#### [Work to complete]
Please keep pictures out of the copy, and print exactly the lines from the one containing "Botella reutilizable de" through the end of the records.

#### [Record set]
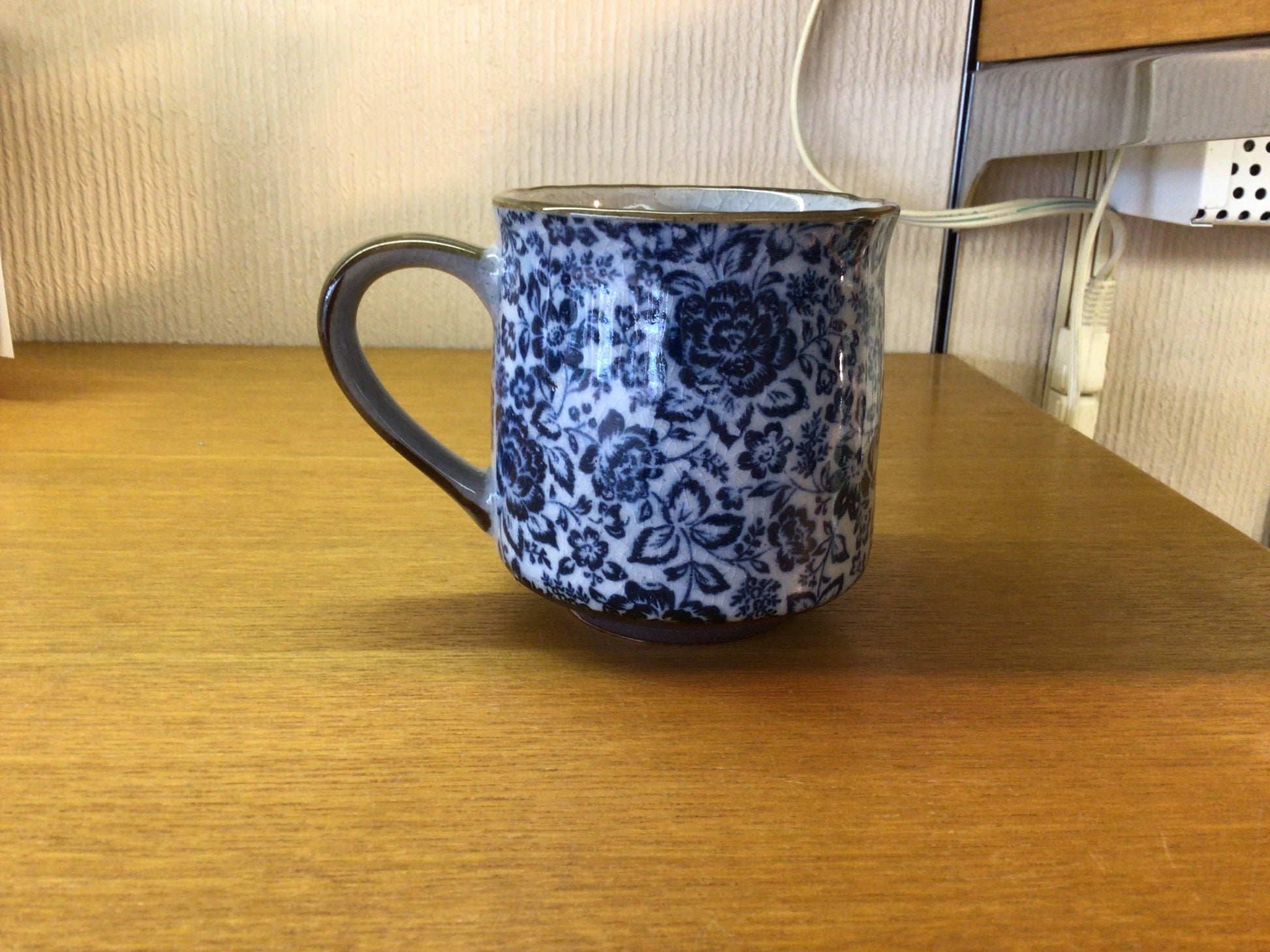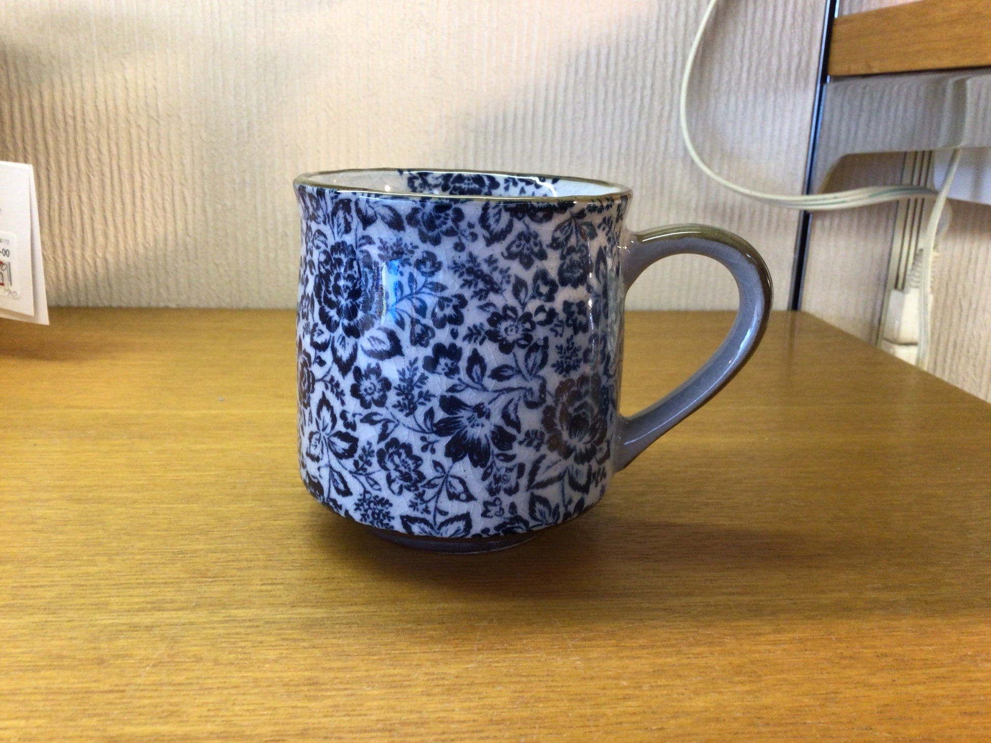 白地に濃紺の薔薇が描かれています。
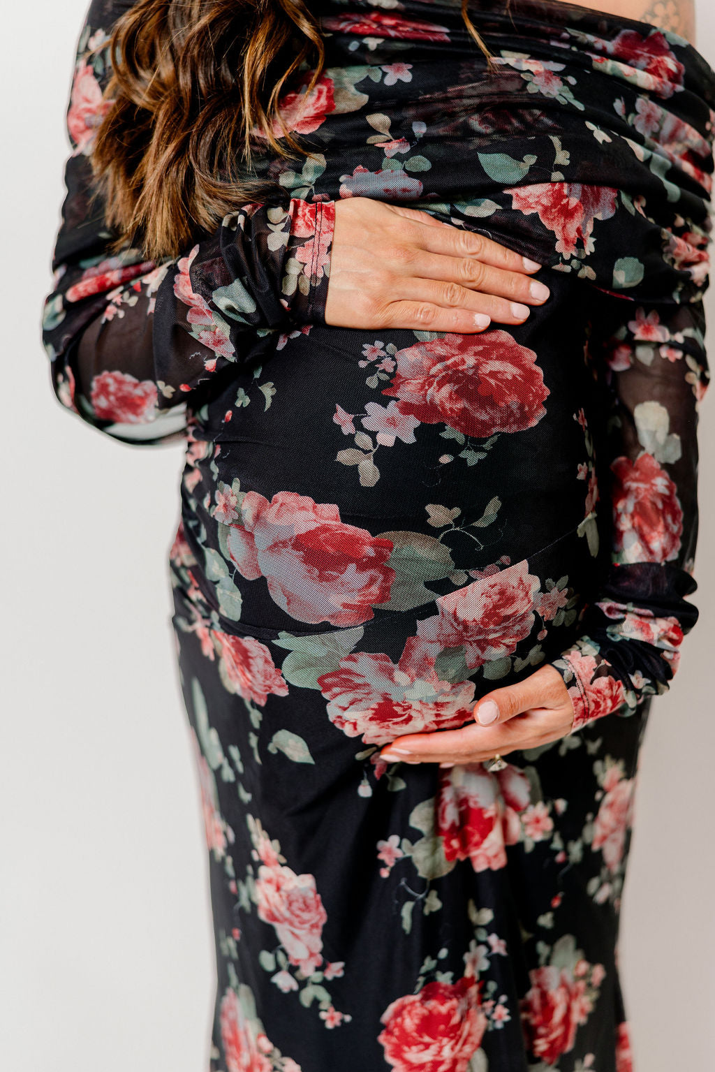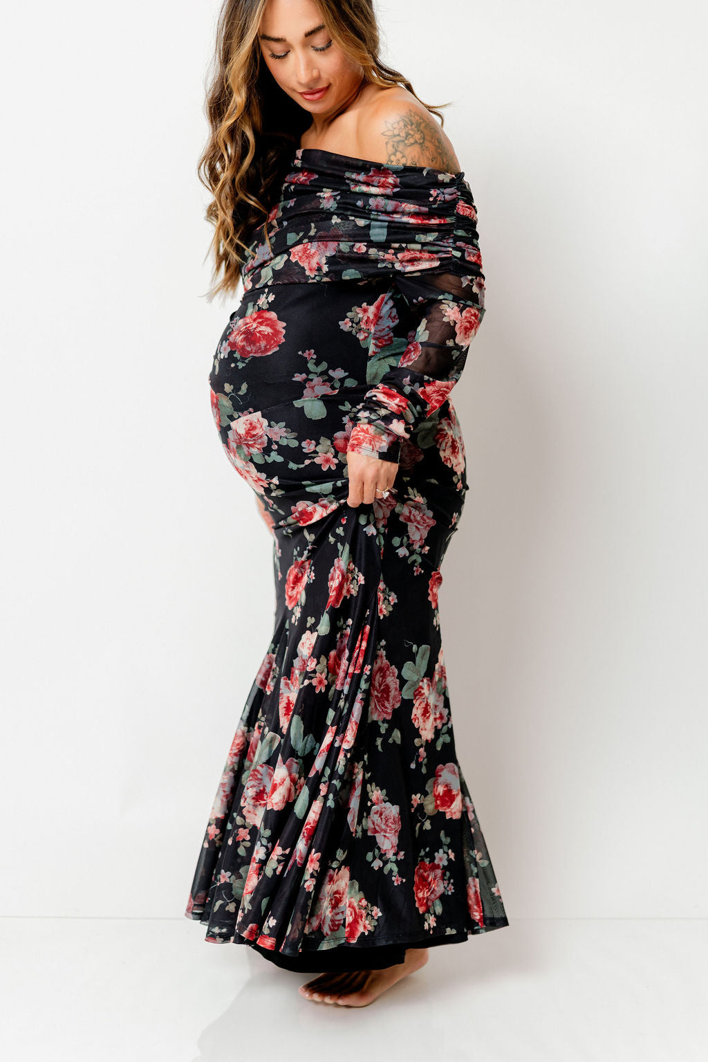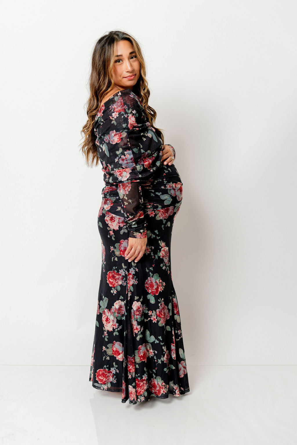 Azaleia Maxi Dress in Black Floral - Size up for Bump
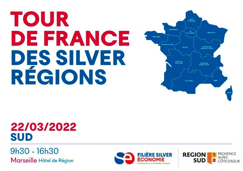Le 22 mars se tenait l’étape en Région Sud du Tour de France des Silver Régions initié par la Filière Silver Economie. C’est au cœur de l’Hôtel de Région à Marseille qu’étaient réunis la filière stratégique qui bénéficie notamment d’une OIR (Opération d'Intérêt Régional) et d’acteurs stratégiques à son service dont le Gérontopôle Sud fait partie.
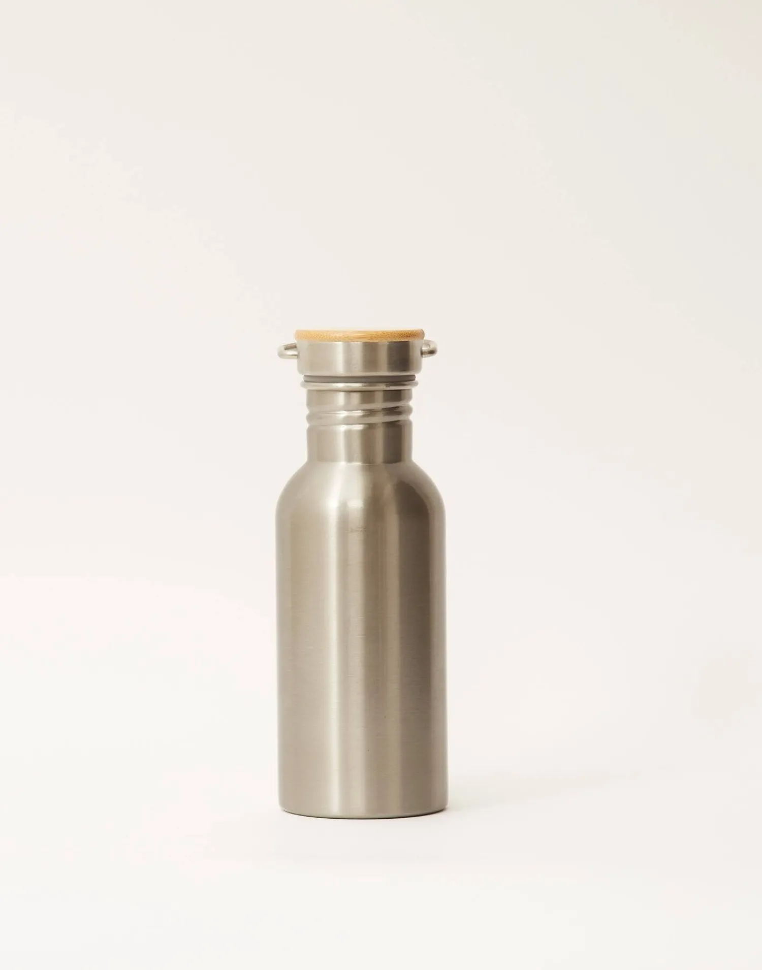 Botella reutilizable de acero inoxidable con detalle de asa en el tapón.
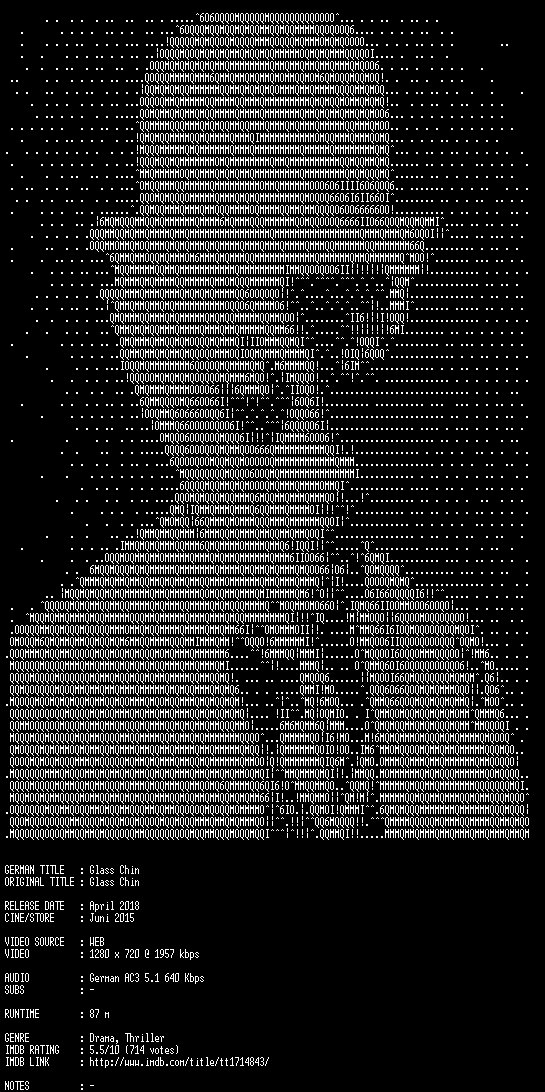 | FiLENAME: | Glass.Chin.2014.German.720p.WebHD.x264-CLASSiCO.mkv |
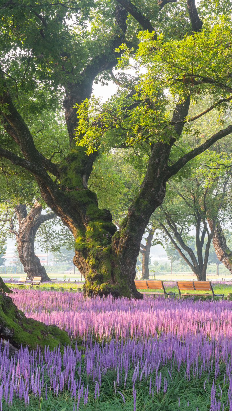 Edytor tapety: Ławki pod rozłożystym drzewem w parku

#### [Completed exercise]
 Botella reutilizable de acero inoxidable con detalle de asa en el tapón.
 | FiLENAME: | Glass.Chin.2014.German.720p.WebHD.x264-CLASSiCO.mkv |
 Edytor tapety: Ławki pod rozłożystym drzewem w parku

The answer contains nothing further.